Penurunan mulai terasa pada Oktober 2018 dan sampai sekarang jumlah pengunjung tak pernah kembali seperti tiga tahun lalu. "Kami yang harus putar otak bagaimana objek selfie itu tetap unik dan baru," kata Hewang.

Pengunjung Jenuh

Jenuhnya tren wisata selfie turut dirasakan oleh salah satu wisatawan Hutan Pinus Asri Desa Wisata Mangunan, Azma Afina, 22.

Afi, begitu dia disapa, mengatakan dia berkunjung ke Desa Wisata Mangunan sudah ke lima kalinya. Namun dia hanya berfoto selfie bersama objek-objek unik di sana hanya sekali.

"Selfie hanya pas kunjungan pertama, upload di Instagram terus sudah. Kan sudah ada kenang-kenangan di Instagram. Kunjungan selanjutnya cuma buat menikmati alam saja," kata Afi.

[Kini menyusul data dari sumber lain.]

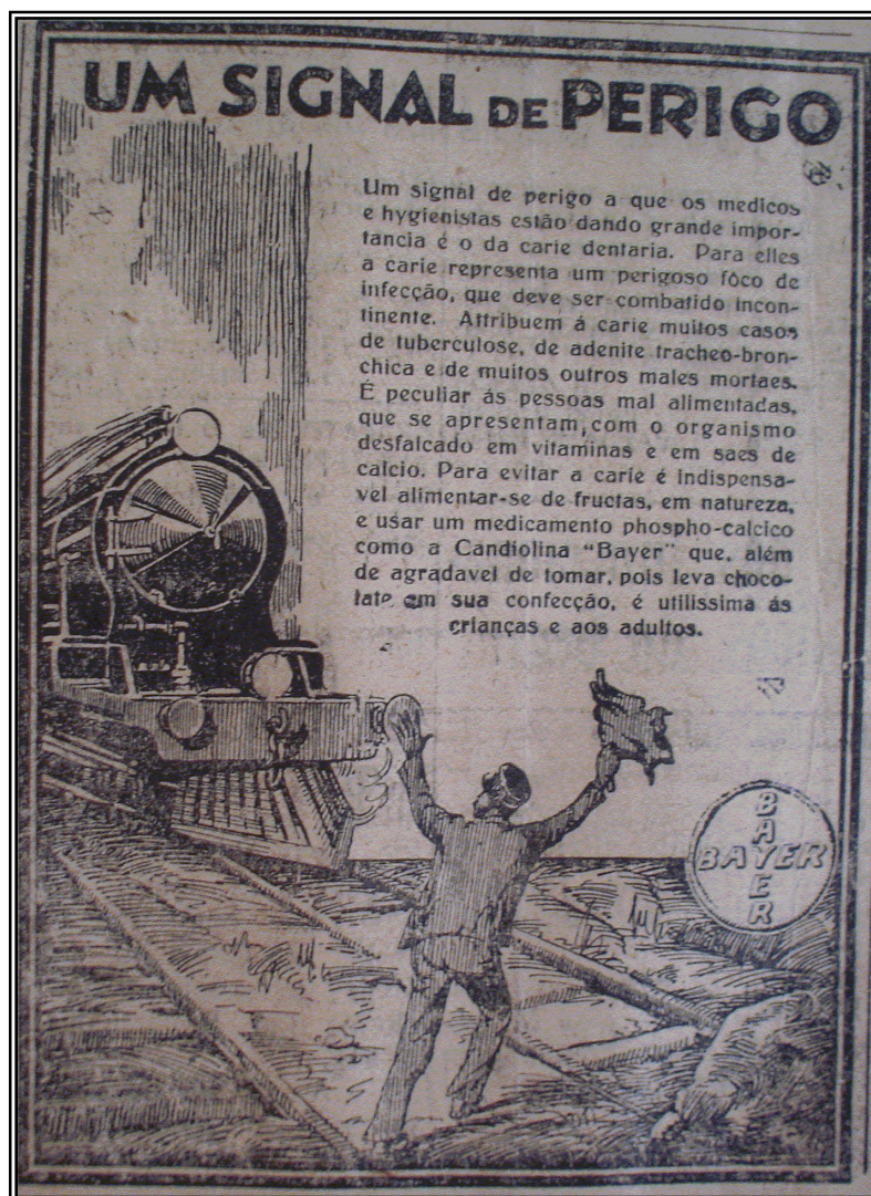
Figura 02 – Anúncio que se utiliza do imaginário do perigo do trem para advertir sobre os riscos da cárie dentária.

Menurut Afi, saat ini tren wisata selfie terasa membosankan, apalagi sejak hadirnya kafe-kafe instagramable (kafe dengan desain kekinian yang menyediakan spot foto), dia lebih memilih pergi ke kafe karena dia bisa selfie sekaligus merasakan pengalaman menyantap makanan lezat. "Kalau ke alam kan jauh jadi cuma sekali-kali. Kalau cuma mau selfie mendingan ke kafe aja dekat kan," kata Afi.

Senada dengan Afi, salah satu pengunjung Upside Down World Jogja, Yudhistira Adi, 20, mengatakan dia masih berpikir ulang apabila harus berkunjung ke objek wisata tersebut berkali-kali. "Ini kunjungan pertama, belum tahu mau kesini lagi apa enggak. Dipikir-pikir bingung juga ya kalau sudah selfie mau ngapain [lagi]?" kata Adi.

Pengamat Pariwisata dari Pusat Studi Pariwisata Universitas Gadjah Mada (Puspar UGM), Prof Baiquni, mengatakan tingginya tren wisata selfie dipicu kebutuhan orang-orang untuk mengaktualisasikan dirinya di media sosial.  Baiquni menilai kini tren wisata selfie sudah sangat menurun. Pelaku wisata harus melakukan inovasi jika tetap ingin menonjolkan wisata selfie sebagai andalan objek wisata. Salah satunya adalah inovasi yang dapat memberi nilai berkelanjutan dari objek selfie yang ditawarkan.

"Kalau sekadar selfie dengan objek, akan cepat selesai trennya. Jika didorong memaknai objek tersebut, misalnya diedukasi soal pohon, soal sejarah dari objek selfie tersebut, orang akan menemukan pengalaman yang baru. Ada banyak bentuk inovasi, intinya adalah menawarkan pengalaman," kata Baiquni.

Ia mencontohkan perlunya pengelola objek wisata bekerja sama dengan petani, perajin, dan pembuat kopi. “Wisatawan yang datang akan ikut memanen padi, buat gerabah atau menumbuk kopi. Tren wisata sekarang begitu. Itu nanti jatuhnya juga selfie kok, akan tetapi mereka selfienya saat kegiatan itu. Sama-sama selfie, tetapi lebih experiencing [memberi pengalaman]," kata Baiquni.